Niemki z przytupem weszły w mecz z Amerykankami. Po akcjach Camilli Weitzel objęły prowadzenie 5:2. Faworytki do walki próbowała poderwać Jordan Thompson, ale rywalki skutecznie spisywały się na siatce, a błędy ekipy USA powodowały, że wciąż musiała ona gonić wynik (12:9). Przy zagrywce Kary Bajemy Amerykanki odrobiły część strat, ale popełniały zaskakująco dużo błędów w ataku, a dzięki blokowi Europejki zbliżały się do triumfu w premierowej odsłonie (19:16). Dopiero po kontrze Bajemy ich rywalki doprowadziły do zaciętej końcówki (20:20). W niej skutecznym zbiciem popisała się Alexandra Frantti, a błędy Niemek spowodowały, że ta część meczu padła łupem zespołu USA (25:22).
W pierwszej fazie drugiego seta nie brakowało zaciętych wymian, ale wynik oscylował wokół remisu. Dopiero po błędzie przeciwniczek i kontrze Hanny Orthmann to Niemki zaczęły dyktować warunki gry (7:4). Swoje trzy grosze do wyniku dokładały Lina Alsmaier i Lena Stigrot, a Amerykanki momentami były bezradne (11:8). Asa serwisowego dołożyła Pia Kestner, a jej koleżanki dobrze grały blokiem (16:9). Pojedyncze udane zagrania Brionne Butler nie zmieniły obrazu gry po stronie Amerykanek. Wciąż nadziewały się one na niemiecki blok, a po punktowej zagrywce Monique Strubbe Europejki pewnie kroczyły do sukcesu (22:15). W końcówce nic się nie zmieniło, a Stigrot przypieczętowała ich zwycięstwo w tym secie (25:18).

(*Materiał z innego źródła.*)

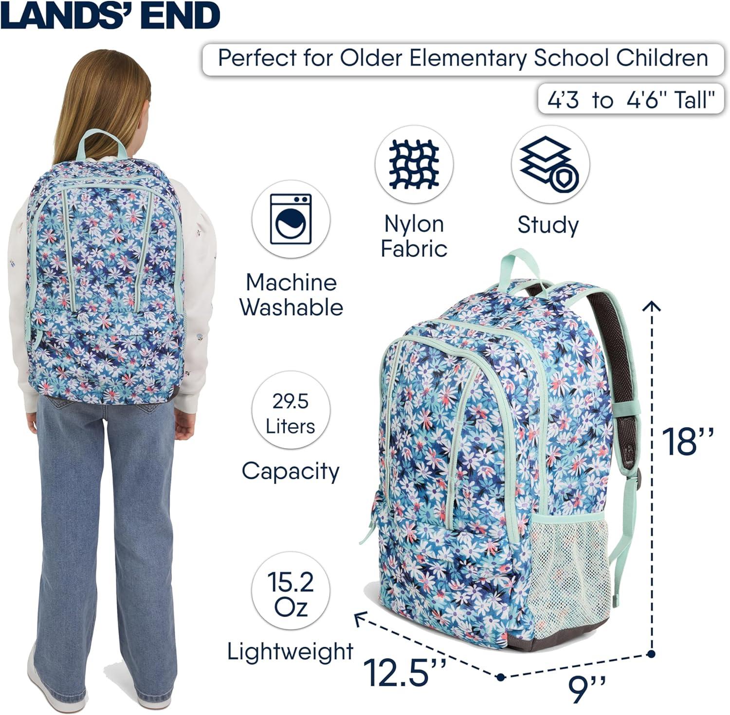 Since 1963, Lands' End has been a trusted name for classic American style, with a brand legacy built on quality and lasting durability. This backpack embodies that unwavering commitment by being the ultimate companion for your child's busy life. Perfectly sized for school, camping, travel, outings, playdates, and sleepovers, its spacious interior easily holds all the essentials. From school supplies and a lunch box to gym clothes, snacks, and toys, this backpack is ready for any adventure. This backpack is built for lasting performance, weighing just 15.2 ounces and made from a sturdy, high-quality reinforced nylon fabric. For a secure and comfortable fit, it features adjustable shoulder straps with PE foam padding and an adjustable chest strap with buckle closure. A reinforced top handle doubles as a convenient hand grip and wall hanger, while high-quality zippers provide easy access to the two-way zippered main compartment, a front pocket, and two mesh side pockets perfect for water bottles. The interior is designed to keep everything safe and organized. It includes a double padded laptop pocket measuring 12″ Wide x 13″ Deep for securely storing a small laptop or tablet, and two utility pockets perfect for holding pens, a small notebook, or a wallet. An interior name tag label is also featured for easy identification. With a generous 29.5 liter capacity (18″ x 12.5″ x 9″), this large backpack is perfectly proportioned for older elementary school children between 4.3' and 4'6″ tall.

W trzeciej odsłonie przebudziły się Amerykanki, które przy zagrywce Michy Hancock objęły prowadzenie 4:0. Niemki ratowały się blokiem, a dzięki Orthmann zbliżyły się na 6:8, ale udane zbicia Butler i Bajemy oraz seria zagrywek Thompson spowodowały, że to podopieczne trenera Kiraly’ego kontrolowały wynik (13:7). Wśród rywalek pojawiło się sporo zmian, ale osamotniona w ataku Weitzel nie była w stanie poderwać ich do walki. Po drugiej stronie siatki punktowała Frantti, a po błędach rywalek Amerykanki zbliżały się do zwycięstwa (23:19). Na zagrywce próbowała odpowiadać im jeszcze Strubbe, a podopieczne trenera Heynena odrobiły część strat, ale Frantti przypieczętowała zwycięstwo ekipy USA (25:22).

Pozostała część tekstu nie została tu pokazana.